Companies should compile an inventory of any agreements that are affected by or reference LIBOR that extend beyond 2021. This could include instruments such as loan, credit, swap or other hedge arrangements.

Evaluate Investments

Companies should consider any investments held that may be affected by LIBOR (e.g. certain asset-backed securities). A change from LIBOR could change investments liquidity, returns or classification.

Fallback Language

Do LIBOR-related agreements have fallback contract language that details procedures in the event LIBOR is no longer available for use? Those that don’t should be revisited now to minimize disruption in the event of such a transition.

Transition Approach

The ARRC recommends two transition approaches. The first is an “amendment approach,” which essentially lays the groundwork for the rate to be changed at a later date and agreed to in advance.
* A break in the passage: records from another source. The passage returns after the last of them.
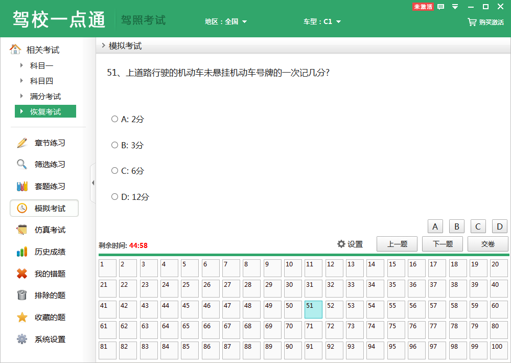 模拟考试:全真模拟考试,包含最新交规考题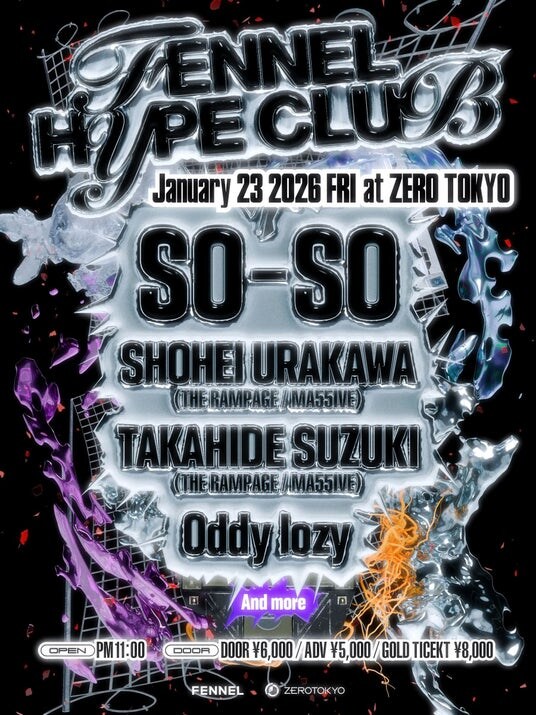 FENNEL初となる音楽イベントを、新宿・歌舞伎町のナイトエンターテインメントの発信地「ZERO TOKYO」にて開催いたします。 本イベントには「SO-SO」に加え、「浦川翔平」「鈴木昂秀」の2名が出演。さらに、追加アーティストの登場も予定しています。 深夜のZERO TOKYOで、ゲームカルチャーと音楽シーンがクロスオーバーする、かつてない熱狂をお届けします。
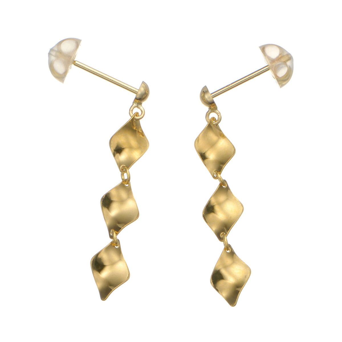 木の葉がひらひらと舞うような揺れ感と煌きが魅力的なイヤリングまたはピアスです。本体には純金を使用。華やかな輝きが、お顔まわりを明るくみせてくれます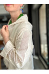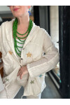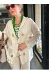 Feliz Yıldız File Detay Pul İşleme Hırka Ceket Ekru

The second is the “hardwired approach,” which says that the SOFR (plus a spread adjustment) will replace LIBOR at a specified date. For both transition approaches, the ARRC has developed template language that could be included in any affected agreements.

Tax Implications

Could a “significant modification” of the debt, resulting in tax consequences for the issuer and holder, result? These issues should be reviewed in detail with internal and external tax personnel as appropriate to ensure all appropriate tax planning has been done prior to 2021.

Hedge Implications

Would a change from a LIBOR-based agreement to an alternate rate cause the hedge to no longer be considered an effective hedge? This may require additional action to address unmitigated risks.

Financial Statements

Is exposure to the LIBOR or the change of the rate going to have a material effect on your company? If so, it may require specific disclosures be added to the financial statements.

To ease the potential accounting burden, revised guidance with several optional expedients and exceptions is currently in exposure draft by the Financial Accounting Standards Board. This proposal, if adopted, would allow certain contracts modified due to reference rate reform to be considered as a continuation of the contract. It further proposes updates to guidance over derivatives and hedging to allow for modification of the designated benchmark rate in existing hedging arrangements and to provide guidance addressing issues with hedge effectiveness and inconsistency of rates and portfolio approaches expected to arise from reference rate reform. Also included are temporary optional expedients designed to prevent reference rate reform from causing changes in whether a hedge is considered “effective” or not. In addition to the exposure draft, changes have been made to hedging standards to include the SOFR as a permissible benchmark rate. Companies will need to stay informed on these matters as they continue to develop.

Companies with LIBOR-based agreements should be considering and planning for the impact of the changes now. Taking proactive steps and working with your financial and accounting advisors in advance of 2021 can greatly mitigate any negative effects to your company.

 

Disclaimer: Any written tax content, comments, or advice contained in this article is limited to the matters specifically set forth herein. Such content, comments, or advice may be based on tax statutes, regulations, and administrative and judicial interpretations thereof and we have no obligation to update any content, comments or advice for retroactive or prospective changes to such authorities. This communication is not intended to address the potential application of penalties and interest, for which the taxpayer is responsible, that may be imposed for non-compliance with tax law.